Yine de Salı akşamını, seçimin hatta koalisyon çabalarının ne şekilde sonuçlanacağını beklemekte yarar var. İsrail seçmeni bir sürpriz yapabilir, siyaset sahnesine yeni koalisyonlar çıkabilir. Netanyahu tarafından kurulacak yeni hükümet bile iki devletli çözüm konusunda daha farklı bir tavır sergileyebilir.
***
Ancak unutmamak gerekir ki iktidara kim gelirse gelsin geçmişe dönmek zor, barış süreci yeniden başlatılsa dahi var olan koşullar dikkate alınarak başlatılacak. Zamanında İşçi Parti´nin kabul etmediği, edemediği, bu yüzden gerçekleşmesini ertelediği, taksitlendirdiği barışın şimdi kabul edilebilmesi imkansıza yakın. Mülteciler, Kudüs, toprak tavizleri ne yazık ki yeni koşullara uyumlu bir şekilde konuşulacak.

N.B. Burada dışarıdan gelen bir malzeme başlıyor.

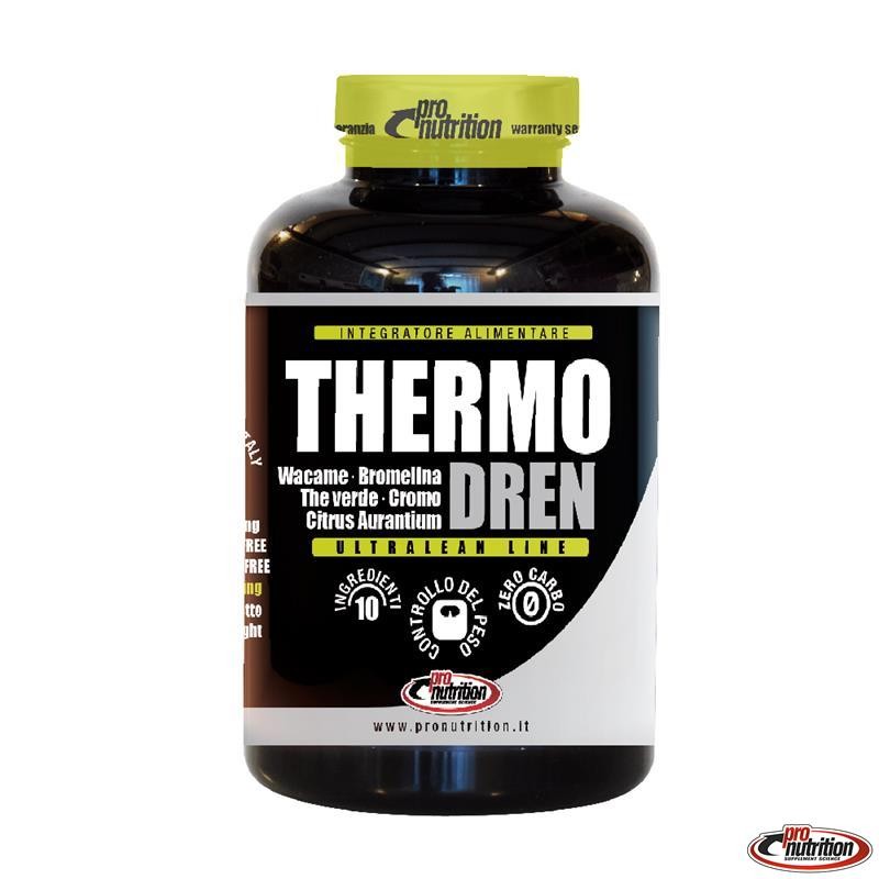 Integratore alimentare sicuro ed efficace studiato appositamente per le donne per ottimizzare i risultati durante le diete ipocaloriche mirate ad ottenere una riduzione del grasso corporeo e dei liquidi in eccesso. La sua formulazione sfrutta l’azione sinergica di estratti vegetali titolati uniti a composti minerali che fanno di THERMO DREN un termogenico di ultima generazione. Citrus Aurantium: titolato al 6% in sinefrina, la cui presenza favorisce l’ossidazione degli acidi grassi. Te’ verde: azione antiossidante e tonica. Wakame: alga titolata in fucoxantina. La Fucoxantina aiuta l’organismo a metabolizzare naturalmente il grasso, che è generalmente l’ultima risorsa utilizzata dall’organismo per la produzione di energia. Banaba: facilita il catabolismo degli zuccheri. Ananas: efficace per l’azione drenante, lipolitica e diuretica che svolge Fucus Estratto secco: ricco in iodio utile per la sua azione di stimolo sul metabolismo. Guaranà: estratto secco ricco in caffeina ottimo stimolanta lipolitico ed energetico Yerba mate: effetti diuretici, stimolante. Cromo: contribuisce al mantenimento di livelli di glucosio normali nel sangue.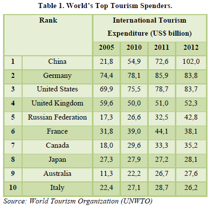Expenditures by Chinese travellers are exponentially increasing. Between 2000 and 2012, expenditure abroad of Chinese tourists was multiplied by eight, as the number of international travel, which increased from 10 million to 83 million over the past twelve years. The purchasing power of Chinese tourists is also higher than that of Americans (Table 1).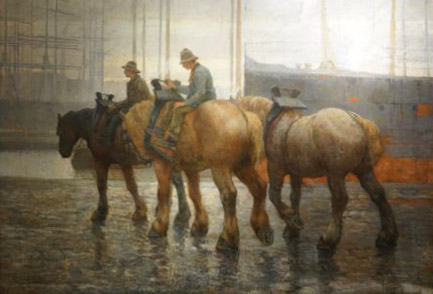 Het werk ‘Werkpaarden aan de dokken’ was lange tijd als verloren geacht, maar is recentelijk door Museum Slager aangekocht. Op zaterdag 10 december, om 16.00 uur, zal het werk officieel door gedeputeerde dhr. B. Pauli worden onthuld.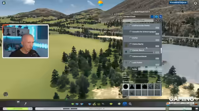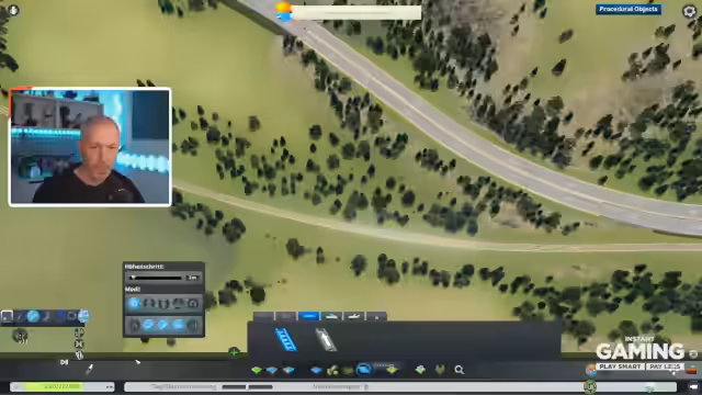 00:06:00Zu Beginn der Arbeit an der Map müssen zuerst die Grafikeinstellungen angepasst werden. Der Fokus liegt auf der Gestaltung des Startgebiets, das fließendes Wasser und eine Autobahnverbindung erhalten soll. Es werden verschiedene Objekte wie Tiere und Rohstoffquellen platziert und wieder entfernt. Beim Anpassen des Terrains stößt der Streamer auf Einschränkungen des Editors, wie beispielsweise die Breite des Flusses, die nicht für einen größeren Staudamm ausreicht.

ABD´de hiç olmadığı kadar İsrail yanlısı bir yönetim var. Suudi Arabistan´ın inisiyatifiyle kabul edilen Arap Barış planı artık kimsenin gündeminde değil. Bir yandan İran korkusu, diğer yandan Arap Baharı metaforuyla özetlenen siyasi sismik sarsıntının yarattığı şok dalgaları Filistin sorununu arka plana itti. Türkiye´nin çabası olmasaydı İKÖ bile Kudüs´ün statüsü sorununu cılız birkaç açıklamayla geçiştirebilirdi.
Diğer yandan Türkiye ile İsrail´in ilişkilerini de bir şekilde normalleşmesinde yarar var. Politikalarını eleştirsek de İsrail Türkiye açısından önemli bir ülke. Ticari açıdan da önemli, Washington´daki ağırlığı yüzünden de, Filistin´e yardım etmek, çözüm sürecine katkıda bulunmak istememiz halinde de. Umudum seçimlerden Netanyahu´nun mağlup çıkması, ama aksi de olsa seçimlerden, yeni kurulacak koalisyondan fırsat yaratmakta fayda olabilir?